O TJ-MG fixou, ainda, algumas hipóteses em que tal prova é desnecessária, ao menos de pronto. É o exemplo da ausência de reposta a requerimento administrativo do consumidor após dez dias úteis de seu registro, situação na qual restará configurado o interesse de agir. Por sua vez, existindo risco de perecimento de direito (como iminente transcurso do prazo decadencial ou prescricional), é possível o ajuizamento da ação e posterior comprovação da tentativa de solução extrajudicial, desde que esta ocorra em até 30 dias úteis contados da decisão que analisou o pedido de tutela de urgência.

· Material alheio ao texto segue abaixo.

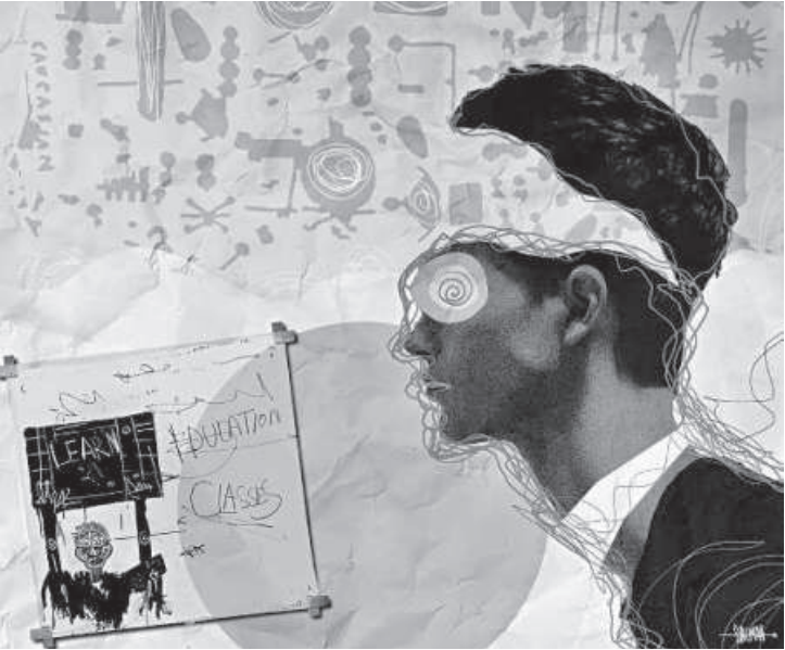
ILLUSTRATION: SALMAN SAKIB SHAHRYAR

Obviously, people need to be able to apply an analytical mind to misinformation, sifting through the lies, deceptions and garbage to see if there is anything worthwhile, and knowing where to turn for better information.

Houve a modulação dos efeitos da tese, com definição de parâmetros para sua aplicação às ações em curso.
O IRDR e a tese fixada
O IRDR foi suscitado de ofício pelo desembargador José Augusto Lourenço dos Santos, nos autos de recurso de apelação do qual é relator e cuja controvérsia compreende o indeferimento de petição inicial de ação consumerista por carência de interesse processual, “em razão de ausência de demonstração de prévia tentativa de solução extrajudicial, via Procon, Cejusc, plataforma consumidor.gov ou outro”. Para o desembargador José Augusto Lourenço dos Santos, trata-se de controvérsia que é reiteradamente objeto de recursos submetidos ao TJ-MG, havendo risco à isonomia e à segurança jurídica, pois há significativo entendimento de juízes de primeira instância contrário à posição majoritária do TJ-MG.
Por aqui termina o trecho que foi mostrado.